_To do_: Set the listing down exactly; no pictures.
□ □ □ □
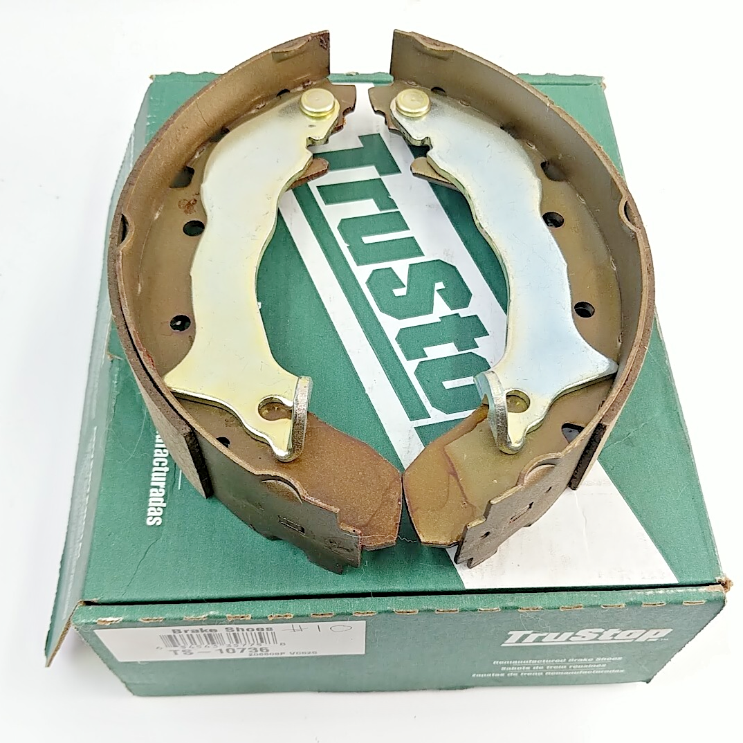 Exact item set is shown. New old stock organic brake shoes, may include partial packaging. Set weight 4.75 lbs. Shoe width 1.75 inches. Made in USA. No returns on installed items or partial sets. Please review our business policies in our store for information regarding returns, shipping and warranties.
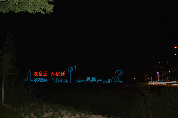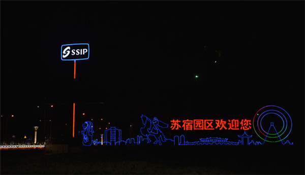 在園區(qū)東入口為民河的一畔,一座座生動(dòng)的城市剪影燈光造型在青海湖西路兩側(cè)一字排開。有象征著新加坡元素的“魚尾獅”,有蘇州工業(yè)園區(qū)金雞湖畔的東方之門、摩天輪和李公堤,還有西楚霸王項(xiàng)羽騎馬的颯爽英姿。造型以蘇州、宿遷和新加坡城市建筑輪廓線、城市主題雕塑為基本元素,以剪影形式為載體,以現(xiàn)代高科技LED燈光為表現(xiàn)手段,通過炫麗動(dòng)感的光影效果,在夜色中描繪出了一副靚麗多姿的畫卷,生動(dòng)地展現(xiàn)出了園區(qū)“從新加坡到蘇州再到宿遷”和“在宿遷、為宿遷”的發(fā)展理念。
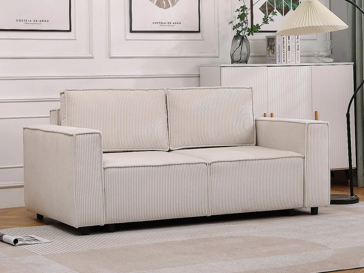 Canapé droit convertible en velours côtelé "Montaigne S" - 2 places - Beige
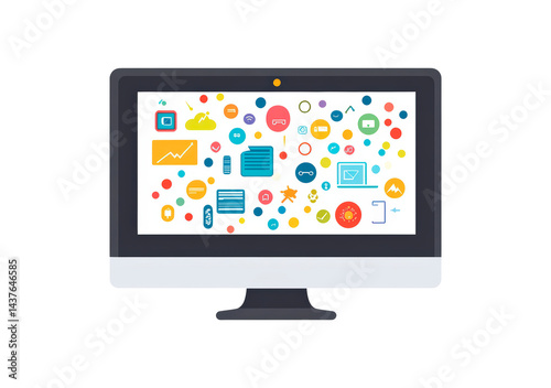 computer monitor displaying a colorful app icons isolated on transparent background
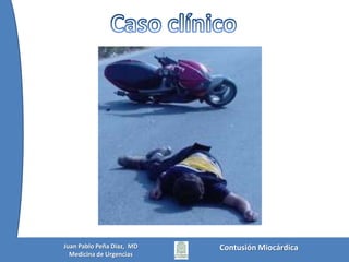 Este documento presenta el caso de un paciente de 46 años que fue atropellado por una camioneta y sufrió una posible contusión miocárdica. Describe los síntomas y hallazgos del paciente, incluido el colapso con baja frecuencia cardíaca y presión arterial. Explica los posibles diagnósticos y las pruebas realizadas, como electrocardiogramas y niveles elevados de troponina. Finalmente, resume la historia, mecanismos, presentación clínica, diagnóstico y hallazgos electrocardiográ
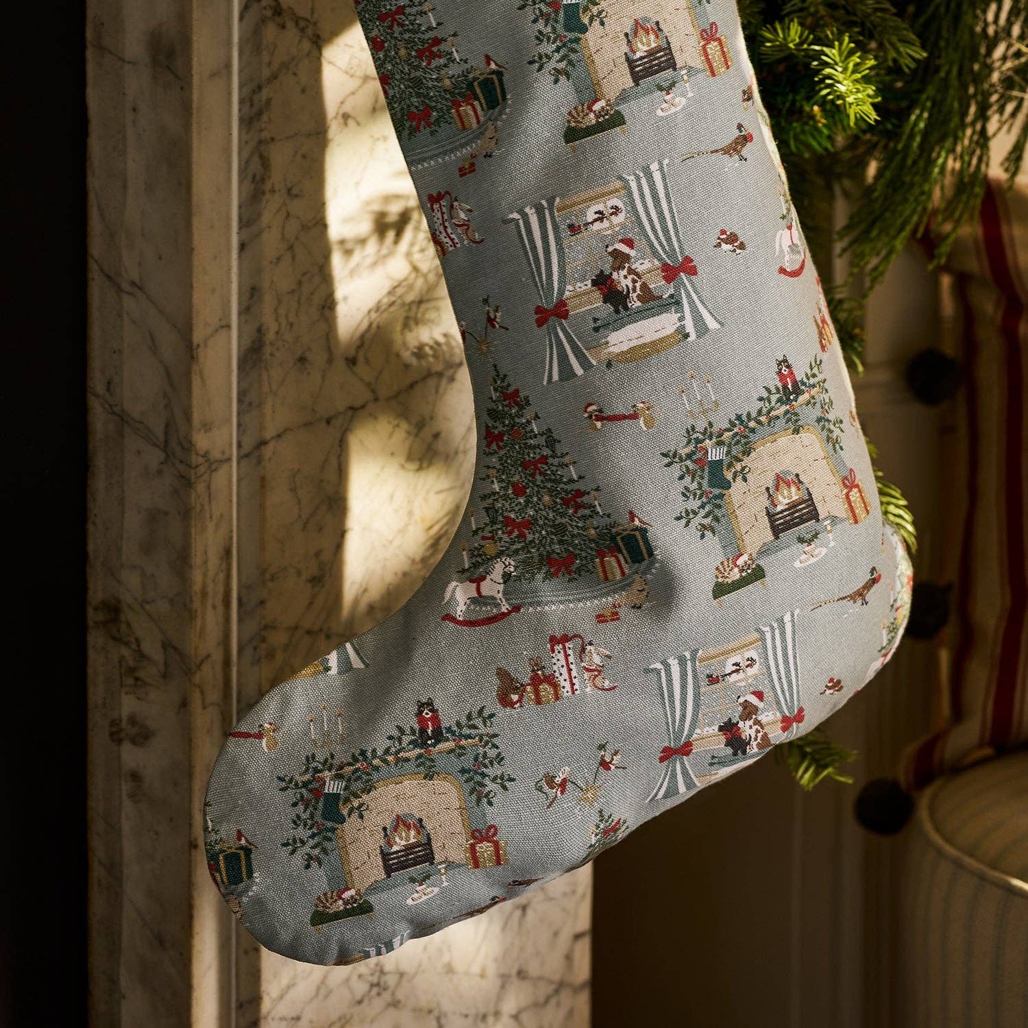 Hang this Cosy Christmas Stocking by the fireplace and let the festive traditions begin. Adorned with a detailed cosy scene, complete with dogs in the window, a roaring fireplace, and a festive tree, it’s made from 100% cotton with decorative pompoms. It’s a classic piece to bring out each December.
□ □ □ □
_Final answer_:
 Exact item set is shown. New old stock organic brake shoes, may include partial packaging. Set weight 4.75 lbs. Shoe width 1.75 inches. Made in USA. No returns on installed items or partial sets. Please review our business policies in our store for information regarding returns, shipping and warranties.
 在園區(qū)東入口為民河的一畔,一座座生動(dòng)的城市剪影燈光造型在青海湖西路兩側(cè)一字排開。有象征著新加坡元素的“魚尾獅”,有蘇州工業(yè)園區(qū)金雞湖畔的東方之門、摩天輪和李公堤,還有西楚霸王項(xiàng)羽騎馬的颯爽英姿。造型以蘇州、宿遷和新加坡城市建筑輪廓線、城市主題雕塑為基本元素,以剪影形式為載體,以現(xiàn)代高科技LED燈光為表現(xiàn)手段,通過炫麗動(dòng)感的光影效果,在夜色中描繪出了一副靚麗多姿的畫卷,生動(dòng)地展現(xiàn)出了園區(qū)“從新加坡到蘇州再到宿遷”和“在宿遷、為宿遷”的發(fā)展理念。
 Canapé droit convertible en velours côtelé "Montaigne S" - 2 places - Beige
 computer monitor displaying a colorful app icons isolated on transparent background
 Este documento presenta el caso de un paciente de 46 años que fue atropellado por una camioneta y sufrió una posible contusión miocárdica. Describe los síntomas y hallazgos del paciente, incluido el colapso con baja frecuencia cardíaca y presión arterial. Explica los posibles diagnósticos y las pruebas realizadas, como electrocardiogramas y niveles elevados de troponina. Finalmente, resume la historia, mecanismos, presentación clínica, diagnóstico y hallazgos electrocardiográ
 Hang this Cosy Christmas Stocking by the fireplace and let the festive traditions begin. Adorned with a detailed cosy scene, complete with dogs in the window, a roaring fireplace, and a festive tree, it’s made from 100% cotton with decorative pompoms. It’s a classic piece to bring out each December.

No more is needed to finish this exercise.